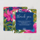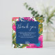 Cette carte de remerciement de fête de mariage florale et botanique comporte des fleurs à l'aquarelle en rose, violet et couleur pêche et des feuilles dans des nuances vives de vert avec un fond rose chaud. Une invitation de fête de mariage floral coloré parfaite
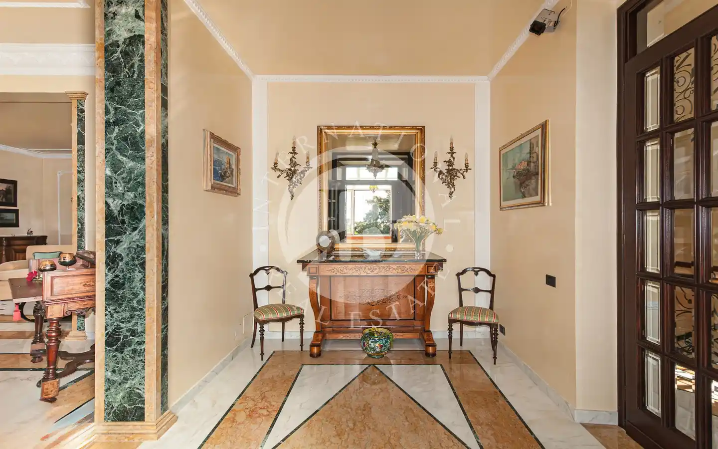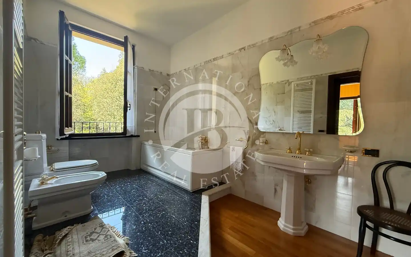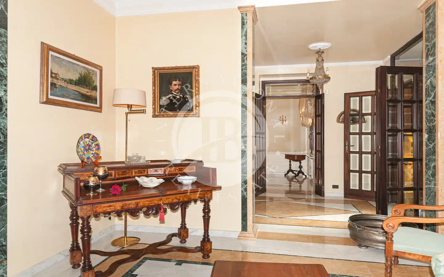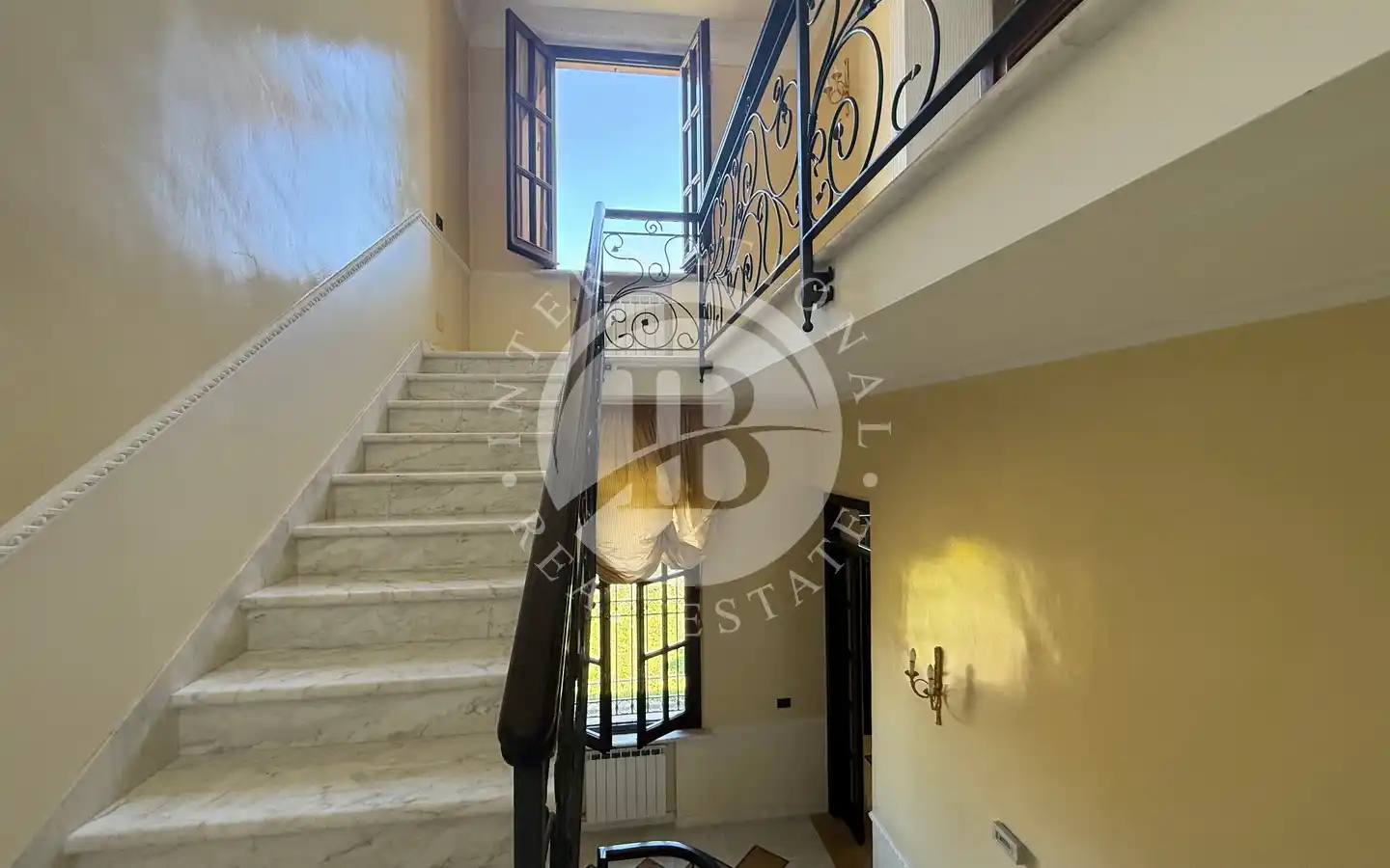 Al primo piano, collegato da una scenografica scala in marmo: tre camere matrimoniali di generosa metratura, una stanza guardaroba, e un ampio bagno con vasca, il tutto concepito per garantire comfort e raffinatezza in perfetta armonia con lo stile storico dell’immobile.
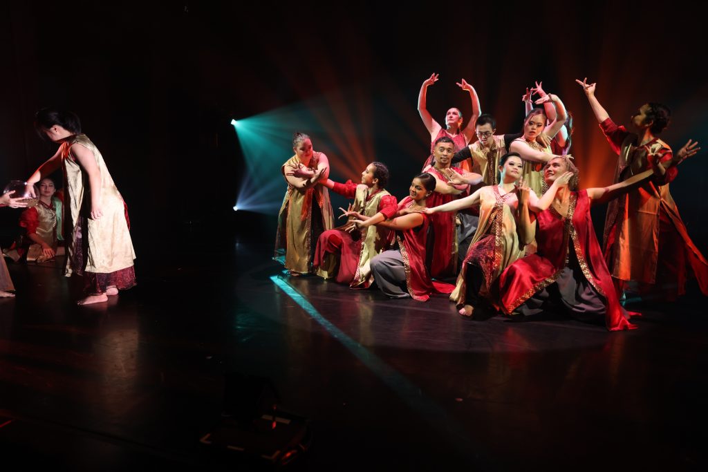 “Bhumi by Maya Dance Theatre and DADC was a multilayered performance, grounded as befitting its name, but also frequently ephemeral like air (the sheer emotive elegance of Gigi from Indonesia), filled with fiery energy (the lightning dynamism of Shahrin, Sufri, Shruti and Australian Stellararts dancer Liz) and demonstrating flow and trajectory like a river (the words of Jo Devadason spoken by Verena Tay, and the music of Kailin).
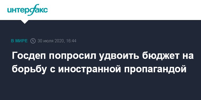 Москва. 30 июля. INTERFAX.RU - Госдеп США попросил увеличить вдвое финансирование Центра глобального взаимодействия (подразделение Госдепартамента США) на 2021 год для противодействия пропаганде со стороны России, заявил в четверг глава госдепа США Майк Помпео.
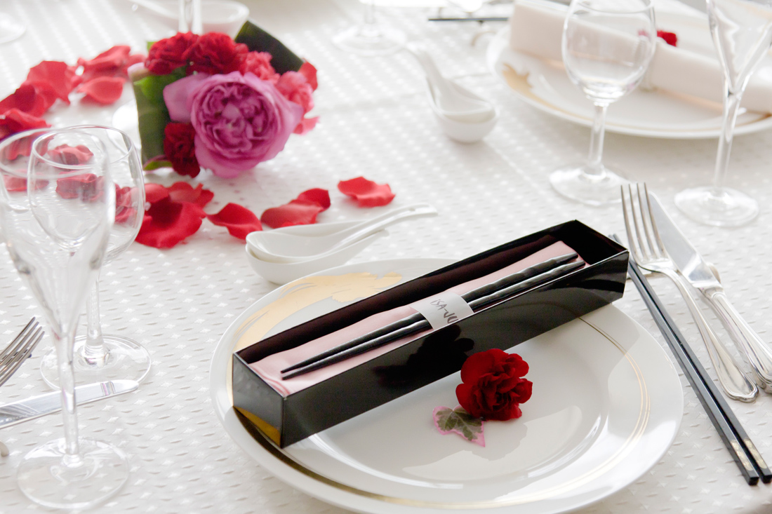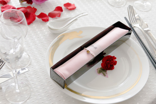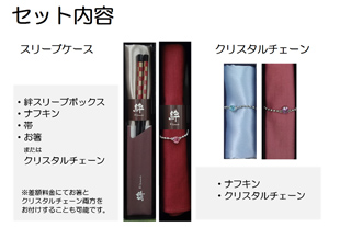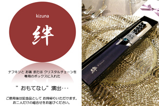 ナフキンとお箸または、クリスタルチェーンを専用のボックスに入れた「おもてなし」演出ご使用後は記念品としてお持帰りいただけます。
________________
▸ WHAT YOU NEED TO DO:
Across the whole listing above, repeat each line exactly and leave out the images.

▸ RESULT OF THIS EXERCISE:
 Cette carte de remerciement de fête de mariage florale et botanique comporte des fleurs à l'aquarelle en rose, violet et couleur pêche et des feuilles dans des nuances vives de vert avec un fond rose chaud. Une invitation de fête de mariage floral coloré parfaite
 Al primo piano, collegato da una scenografica scala in marmo: tre camere matrimoniali di generosa metratura, una stanza guardaroba, e un ampio bagno con vasca, il tutto concepito per garantire comfort e raffinatezza in perfetta armonia con lo stile storico dell’immobile.
 “Bhumi by Maya Dance Theatre and DADC was a multilayered performance, grounded as befitting its name, but also frequently ephemeral like air (the sheer emotive elegance of Gigi from Indonesia), filled with fiery energy (the lightning dynamism of Shahrin, Sufri, Shruti and Australian Stellararts dancer Liz) and demonstrating flow and trajectory like a river (the words of Jo Devadason spoken by Verena Tay, and the music of Kailin).
 Москва. 30 июля. INTERFAX.RU - Госдеп США попросил увеличить вдвое финансирование Центра глобального взаимодействия (подразделение Госдепартамента США) на 2021 год для противодействия пропаганде со стороны России, заявил в четверг глава госдепа США Майк Помпео.
 ナフキンとお箸または、クリスタルチェーンを専用のボックスに入れた「おもてなし」演出ご使用後は記念品としてお持帰りいただけます。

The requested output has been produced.